Потребности каждого человека отличаются от потребностей каждого другого; мы не можем создать стандарт для желаний или владений. Но мир был бы значительно преобразован и в нем было бы гораздо легче жить, если бы каждый ограничивал свои приобретения своей способностью усваивать их в своей жизни. Разрушение простоты — это жажда вещей не потому, что они нам нужны, а потому, что они есть у других. Потому что один человек, который живет в простом маленьком доме, во всех ограничениях скудного окружения, был бы счастливее в особняке, соответствующем его вкусу и его потребностям, — это не аргумент, что другой человек, живущий во дворце, в бесполезном остекленении, не был бы лучше в жилище, которое соответствует его культуре и привычкам.
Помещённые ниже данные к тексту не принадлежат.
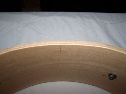 I'm not so much interested in it for its collector value (to the extent it has any) as for its shell. 14" x 4 13/16" and under 5mm thick with no re-rings. 5- or 6-ply -- a little hard to tell with the paint layer. Still just about perfectly round. Interior is absolutely pristine; exterior is just a little faded -- white to yellow-ish. This was all pretty appealing to me.

Так трудно усвоить урок, что нет удовлетворения в получении большего, чем мы лично хотим.

Вопрос простоты, таким образом, входит в литературный стиль, в строительство, в одежду, в жизнь, всегда индивидуализированный личностью. В каждом мы стремимся к выражению лучшего, что есть в нас, а не к имитации или остекленению.

Женщин в истории, в легендах, в поэзии, которых мы любим, мы любим не потому, что они «облачены по-королевски». В наши дни быть облаченным по-королевски — едва ли отличие. Иметь излишество — не отличие. Но в те моменты, когда у нас есть ясное видение жизни, то, что кажется нам наиболее достойным восхищения и желаемым, — это простота, которая делает для нас милой идиллию Навсикаи.

АНГЛИЙСКИЕ ДОБРОВОЛЬЦЫ ВО ВРЕМЯ НЕДАВНЕГО ВТОРЖЕНИЯ

Самым болезненным событием со времен бомбардировки Александрии стало то, что один английский писатель назвал «вторжением» «американской литературы в Англию». Враждебные силы, с авангардом, который сочли «неуклюжим отрядом», постепенно осуществляли высадку и закреплялись на позициях, что не вызывало недовольства у беспечных туземцев. Никто не встревожился, когда они выдвинули стрелковую цепь из журналов и начали развертывать отдельных диких поэтов, наступавших в замшевых легинсах с револьвером в руке, или случайных метких рисовальщиков, облаченных в живописные одежды заката. Но когда основные силы американских романистов благополучно высадились на берег и заняли позиции, литературное ополчение острова поднялось как один человек, с силой тысячи, чтобы отразить захватчиков и смести их обратно через Атлантику. Зрелище имело драматический интерес. Захватчики не были многочисленны, не носили своих туземных томагавков, они позаботились о том, чтобы смыть ужасающую раскраску, с которой обычно идут в бой, они не издавали вызывающих воплей Пограма, и даже ополчение в целом считало их «забавными молодыми опоссумами», и все же все ресурсы современной и древней войны были брошены против них. Раздался треск револьверов из ежедневной прессы, оживленная перестрелка из стрелкового оружия в изумленных еженедельниках, залп из орудий прямой наводкой из ежемесячников; а некоторые тяжелые ежеквартальные издания зарядили старые артиллерийские орудия, которые не заряжались сорок лет, картечью, кирпичами и старым хламом и обрушили сокрушительные бортовые залпы. Эффект на острове был колоссальным: он содрогался и дрожал, и был почти скрыт в дыму конфликта. Каков эффект для захватчиков, судить пока рано. Если кто-то из них выживет, то лишь по милости Божьей к своим слабым и невинным детям.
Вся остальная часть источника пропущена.